BEGIN EXTRACTED INFORMATION

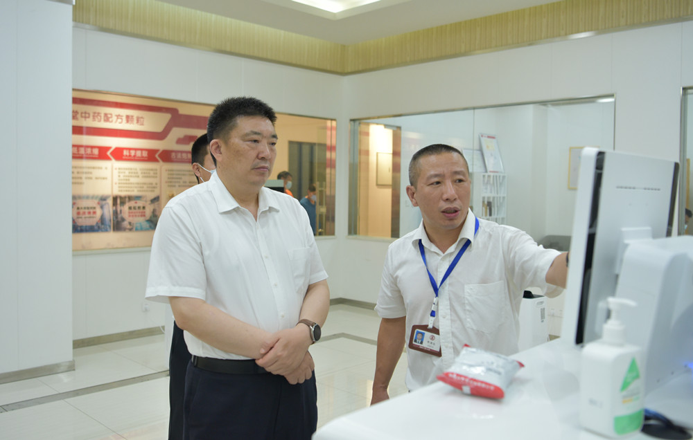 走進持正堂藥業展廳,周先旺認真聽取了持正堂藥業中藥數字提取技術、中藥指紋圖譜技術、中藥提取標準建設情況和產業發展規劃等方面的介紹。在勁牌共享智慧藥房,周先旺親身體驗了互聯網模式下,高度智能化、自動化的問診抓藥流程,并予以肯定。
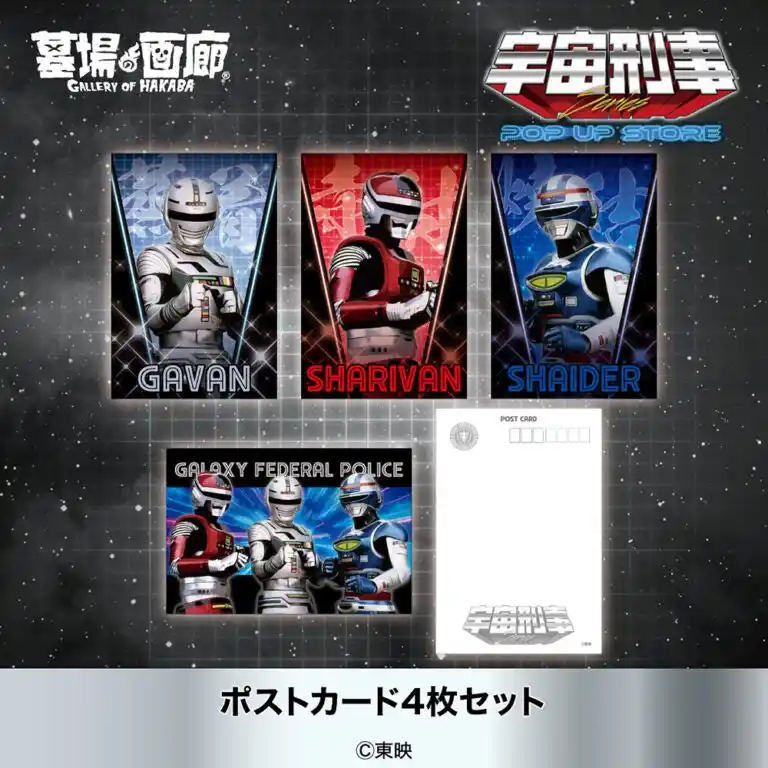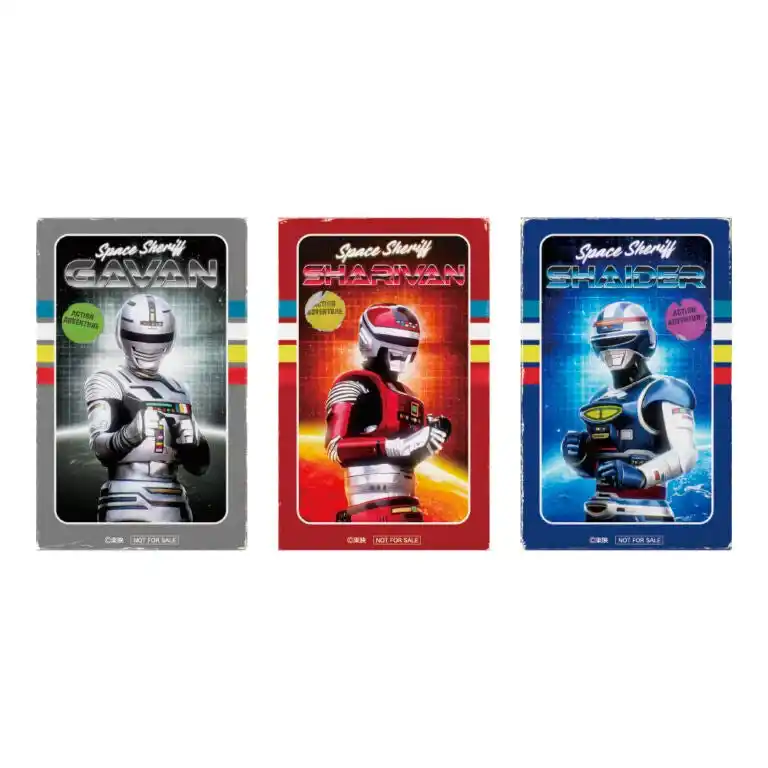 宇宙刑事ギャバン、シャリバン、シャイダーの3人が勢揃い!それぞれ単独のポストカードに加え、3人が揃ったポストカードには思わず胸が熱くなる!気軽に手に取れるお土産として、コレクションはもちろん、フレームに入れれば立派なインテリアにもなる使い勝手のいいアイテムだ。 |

END EXTRACTED INFORMATION
BEGIN EXTRACTED INFORMATION

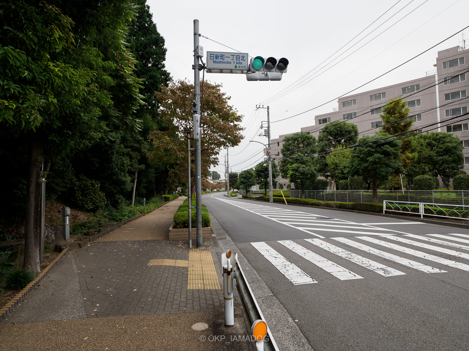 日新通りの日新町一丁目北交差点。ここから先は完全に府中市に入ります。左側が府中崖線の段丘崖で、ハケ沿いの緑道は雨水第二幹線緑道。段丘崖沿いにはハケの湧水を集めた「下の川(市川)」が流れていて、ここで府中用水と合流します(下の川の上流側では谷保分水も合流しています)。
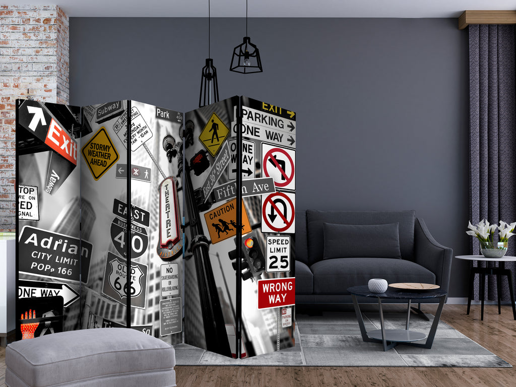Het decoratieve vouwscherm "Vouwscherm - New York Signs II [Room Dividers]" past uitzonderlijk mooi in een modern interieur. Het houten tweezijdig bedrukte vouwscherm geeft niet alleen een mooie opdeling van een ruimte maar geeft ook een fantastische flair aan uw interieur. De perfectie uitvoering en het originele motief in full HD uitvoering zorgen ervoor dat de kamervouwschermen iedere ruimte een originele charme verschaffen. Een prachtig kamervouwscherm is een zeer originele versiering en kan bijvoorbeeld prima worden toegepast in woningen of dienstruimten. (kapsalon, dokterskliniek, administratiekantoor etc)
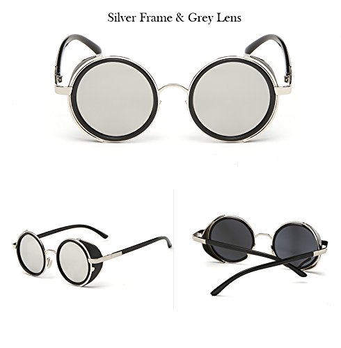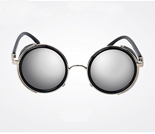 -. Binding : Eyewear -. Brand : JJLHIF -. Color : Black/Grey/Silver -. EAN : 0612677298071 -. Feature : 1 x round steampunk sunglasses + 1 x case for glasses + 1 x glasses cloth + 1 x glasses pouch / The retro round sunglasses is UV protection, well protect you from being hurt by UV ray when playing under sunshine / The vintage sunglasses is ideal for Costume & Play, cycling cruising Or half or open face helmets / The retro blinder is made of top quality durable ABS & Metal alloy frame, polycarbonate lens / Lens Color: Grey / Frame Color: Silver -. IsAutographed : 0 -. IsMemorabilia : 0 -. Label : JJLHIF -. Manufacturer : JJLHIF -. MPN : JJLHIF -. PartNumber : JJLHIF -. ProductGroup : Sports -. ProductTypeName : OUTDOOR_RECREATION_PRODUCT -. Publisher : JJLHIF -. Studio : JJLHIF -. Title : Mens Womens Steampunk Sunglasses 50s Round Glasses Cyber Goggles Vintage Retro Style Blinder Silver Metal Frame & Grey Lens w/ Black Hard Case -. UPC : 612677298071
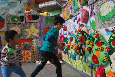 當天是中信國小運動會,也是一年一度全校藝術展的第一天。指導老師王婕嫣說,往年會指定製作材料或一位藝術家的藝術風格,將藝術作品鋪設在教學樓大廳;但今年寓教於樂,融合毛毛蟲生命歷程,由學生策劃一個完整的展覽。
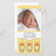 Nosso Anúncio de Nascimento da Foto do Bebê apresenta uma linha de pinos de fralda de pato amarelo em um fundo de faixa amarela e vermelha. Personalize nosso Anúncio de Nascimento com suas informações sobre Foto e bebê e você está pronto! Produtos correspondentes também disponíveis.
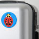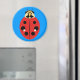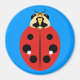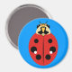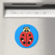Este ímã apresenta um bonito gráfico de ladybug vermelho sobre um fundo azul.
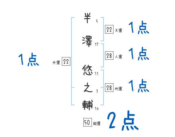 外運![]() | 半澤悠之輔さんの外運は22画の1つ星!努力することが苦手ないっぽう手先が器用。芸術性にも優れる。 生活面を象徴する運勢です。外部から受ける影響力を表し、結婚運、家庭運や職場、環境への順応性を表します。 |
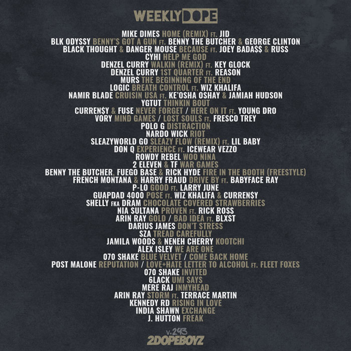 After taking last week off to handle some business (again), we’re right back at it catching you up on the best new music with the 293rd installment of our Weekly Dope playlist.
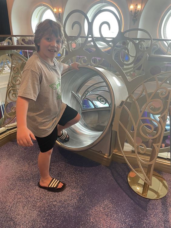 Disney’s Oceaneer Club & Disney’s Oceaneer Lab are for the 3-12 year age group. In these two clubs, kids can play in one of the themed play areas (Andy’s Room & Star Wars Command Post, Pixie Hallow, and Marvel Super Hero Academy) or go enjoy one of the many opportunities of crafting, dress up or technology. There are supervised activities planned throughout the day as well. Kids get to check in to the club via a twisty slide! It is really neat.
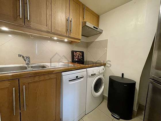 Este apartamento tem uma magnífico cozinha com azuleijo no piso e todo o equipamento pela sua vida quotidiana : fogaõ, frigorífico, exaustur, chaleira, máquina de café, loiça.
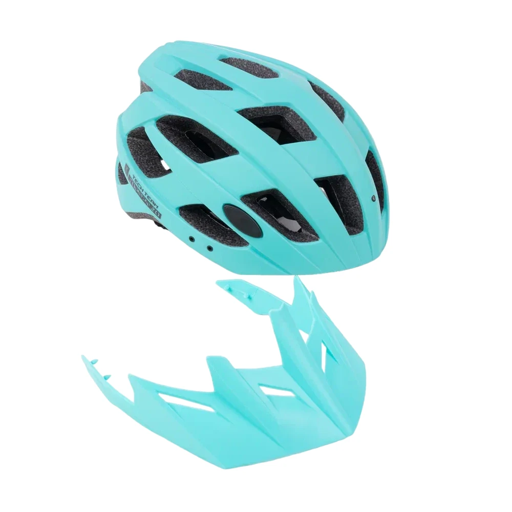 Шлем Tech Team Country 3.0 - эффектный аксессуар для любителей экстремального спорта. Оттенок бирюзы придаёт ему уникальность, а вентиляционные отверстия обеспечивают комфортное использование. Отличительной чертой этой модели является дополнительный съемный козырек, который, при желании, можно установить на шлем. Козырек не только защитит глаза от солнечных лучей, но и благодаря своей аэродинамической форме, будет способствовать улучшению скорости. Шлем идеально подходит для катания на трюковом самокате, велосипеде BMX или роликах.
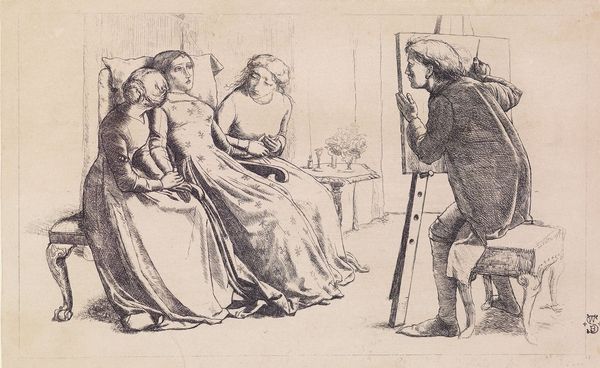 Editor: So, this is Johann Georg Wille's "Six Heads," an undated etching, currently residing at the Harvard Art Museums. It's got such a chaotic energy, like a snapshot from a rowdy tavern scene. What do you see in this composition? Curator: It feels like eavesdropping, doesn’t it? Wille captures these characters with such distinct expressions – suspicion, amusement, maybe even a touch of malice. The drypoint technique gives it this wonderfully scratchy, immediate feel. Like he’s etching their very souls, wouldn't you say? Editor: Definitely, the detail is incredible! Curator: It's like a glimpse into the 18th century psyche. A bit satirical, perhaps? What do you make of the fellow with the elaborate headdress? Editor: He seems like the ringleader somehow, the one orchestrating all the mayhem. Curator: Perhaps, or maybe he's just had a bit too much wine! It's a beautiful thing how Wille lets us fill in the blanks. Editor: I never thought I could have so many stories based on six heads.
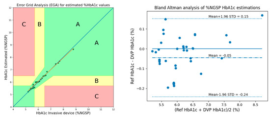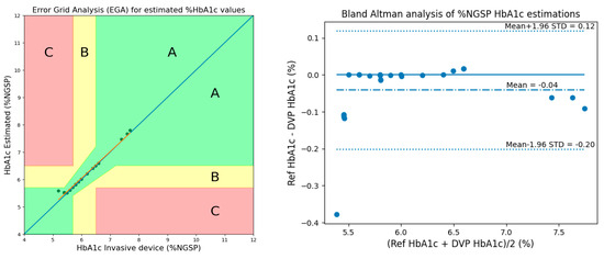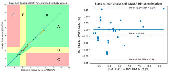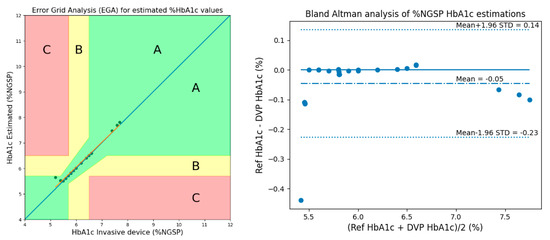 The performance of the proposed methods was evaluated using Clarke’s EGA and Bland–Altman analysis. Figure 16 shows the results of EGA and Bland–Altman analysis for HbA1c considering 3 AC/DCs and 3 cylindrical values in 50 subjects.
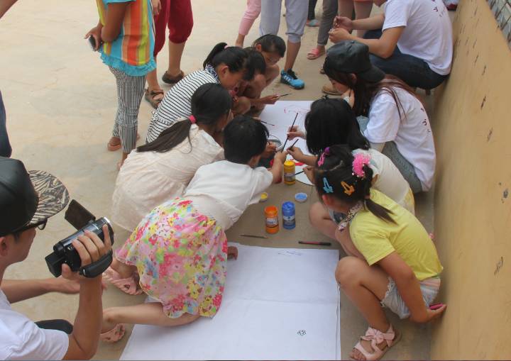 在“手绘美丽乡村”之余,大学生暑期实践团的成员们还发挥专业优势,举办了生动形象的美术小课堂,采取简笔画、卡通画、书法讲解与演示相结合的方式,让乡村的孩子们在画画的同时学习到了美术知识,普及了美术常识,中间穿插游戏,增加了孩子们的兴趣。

END EXTRACTED INFORMATION

__TASK OBJECTIVE__
From the records above, transcribe exactly the lines starting at the one containing "走進持正堂藥業展廳,周先旺認" and ending at the one containing "宇宙刑事ギャバン、シャリバン". Skip the pictures.

__RESPONSE AREA__
 走進持正堂藥業展廳,周先旺認真聽取了持正堂藥業中藥數字提取技術、中藥指紋圖譜技術、中藥提取標準建設情況和產業發展規劃等方面的介紹。在勁牌共享智慧藥房,周先旺親身體驗了互聯網模式下,高度智能化、自動化的問診抓藥流程,并予以肯定。
 宇宙刑事ギャバン、シャリバン、シャイダーの3人が勢揃い!それぞれ単独のポストカードに加え、3人が揃ったポストカードには思わず胸が熱くなる!気軽に手に取れるお土産として、コレクションはもちろん、フレームに入れれば立派なインテリアにもなる使い勝手のいいアイテムだ。 |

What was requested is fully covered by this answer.